Upstream 2.1.0 explicitly lists this as an audit fix.

Recommendation

Backport the upstream 2.1.0 readiness rule so a sole listed member only makes the aggregator ready when that member is not the global oracle.

If that full backport is not taken, the minimum safe fix is to reject the configuration where the global oracle is the only effective member in the voting set. The aggregator should never let one address satisfy both the local-member vote and the global-member vote with no other signer participating.

Kiln: Acknowledged. Known 1.0.3 core behavior, fixed in 2.1.0 core. The 1.0.3 _ready() only checks members.length > 0, allowing a sole member who is also the global oracle to satisfy quorum alone with 2 votes. The 2.1.0 core's _ready() rejects this configuration: it returns false when the sole member is the global oracle. Accepted as a known limitation.

Description

The new Native20 implementation starts enforcing AccountList rights immediately.

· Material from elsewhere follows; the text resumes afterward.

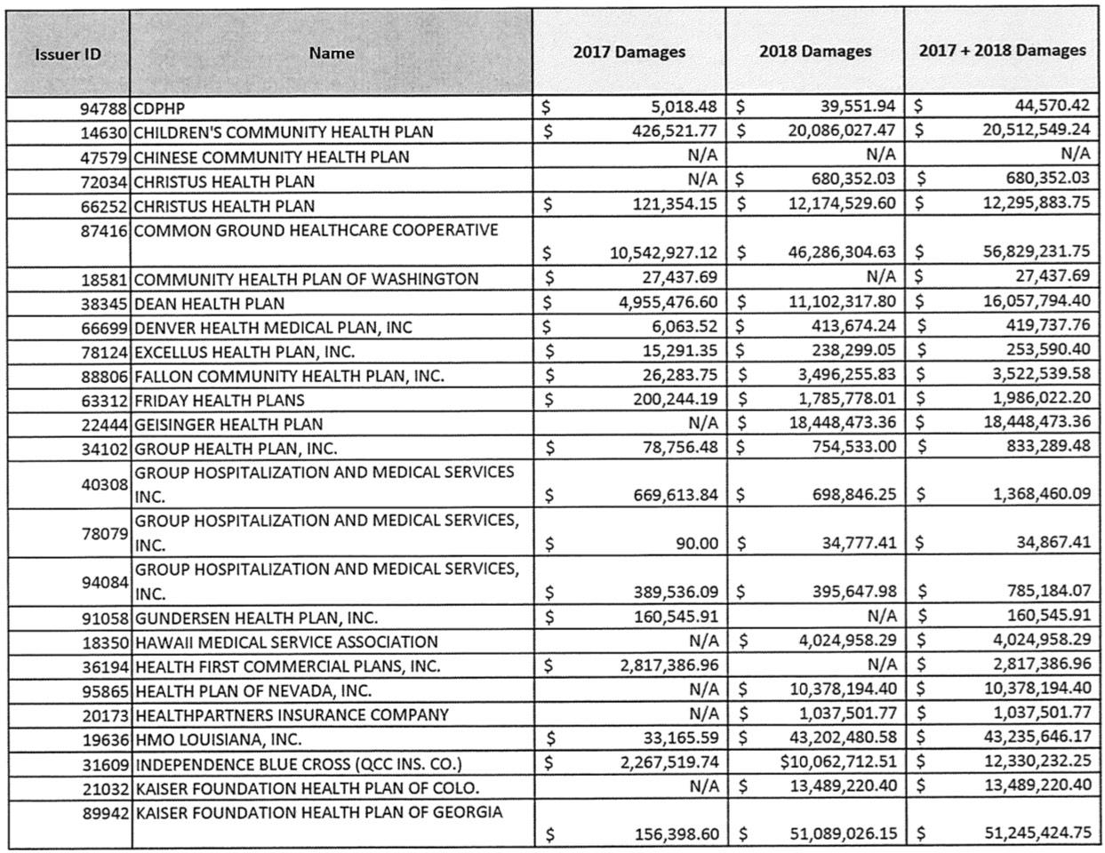 HOWEVER, it's important to remember that these 100 carriers only represent a portion of the total ACA individual market, which means the actual total (assuming the court rulings in other cases are similarly held up) could be several times that amount anyway, making my "up to quadruple" headline accurate anyway!
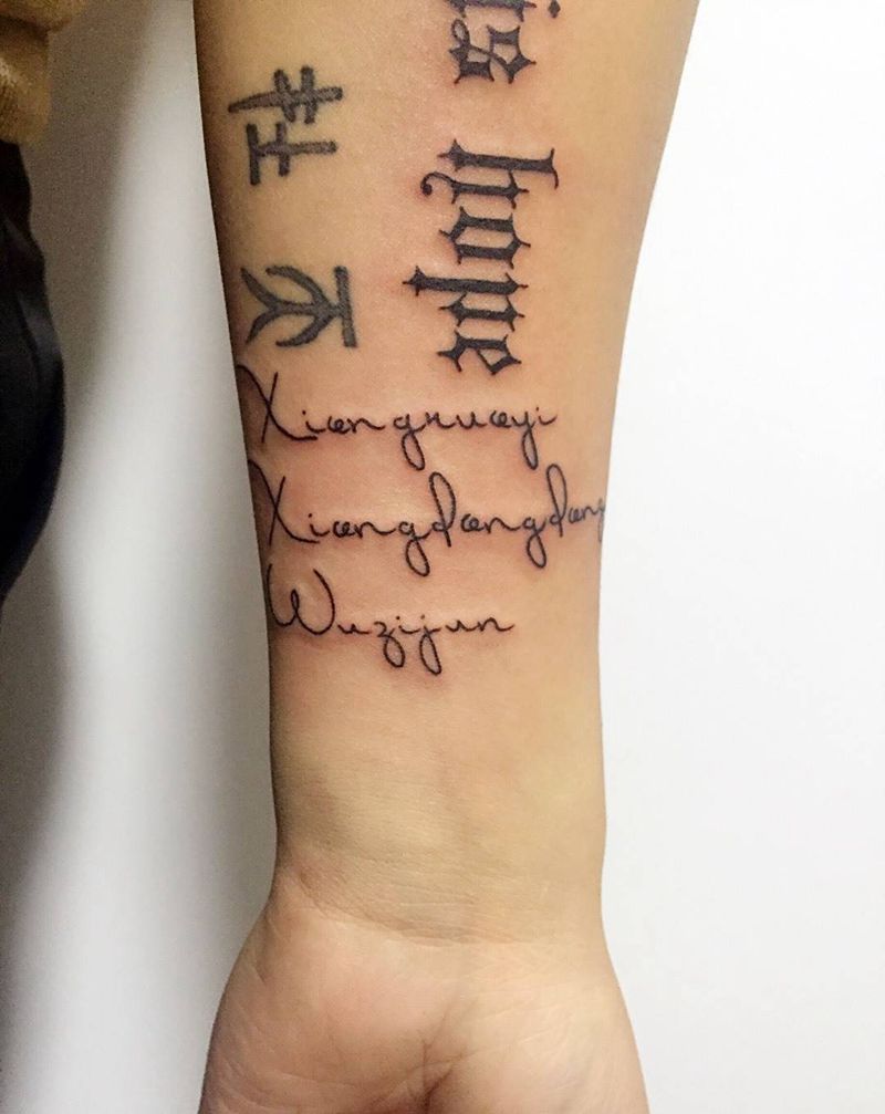 • T家庭图,一家四口生日纪念!纹身图片_手臂纹身图案

When an account has no explicit rights entry, _getRights() falls back to defaultRights. _checkNotForbiddenAndAuthorizations() then reverts if the required bit is missing.

This becomes an upgrade issue because the live mainnet deployments still have defaultRights == 0. After only upgradeTo(newImplementation), ordinary users no longer satisfy the new authorization checks. MultiPool20._stake() starts failing for fresh users, and MultiPool20._requestExit() starts failing for existing holders for the same reason. The live-fork reproduction in test/e2e/Native20.upgrade.v2_1_0.research.t.sol shows this on all 24 listed mainnet Native20 proxies: a user can stake before the upgrade, but after only the implementation swap a new user reverts on stake() and the pre-upgrade holder reverts on requestExit() with MissingAuthorizations.

This matters because restoring access is not part of the same privileged action. upgradeTo() is restricted to the ERC1967 proxy admin, while setDefaultRights() is restricted to the separate integration admin stored in contract state. Therefore the rollout is not a safe standalone implementation swap. There is a user lockout window until the second admin action completes. The existing fork test hides this because it always calls setDefaultRights(STAKE | REQUEST_EXIT) before checking any user behavior.

Recommendation

Do not treat upgradeTo(newImplementation) as a safe standalone rollout.

If current user stake and exit access must be preserved, seed the intended default rights atomically during the upgrade, for example through an upgrade reinitializer or upgradeToAndCall(). If that is not possible, make the setDefaultRights() transaction an explicit required part of the rollout procedure and document that users are locked out until it executes.

Kiln: Acknowledged. Valid observation. The recommendation to use upgradeToAndCall() to seed default rights atomically is acknowledged but breaks the separation of concerns between admins and would require extra code for a one time action. Upgrade is a one time action, both actions can be coordinated fairly easily, at block n and n+1 for example, which is far simpler and requires no extra code while having virtually no impact on users.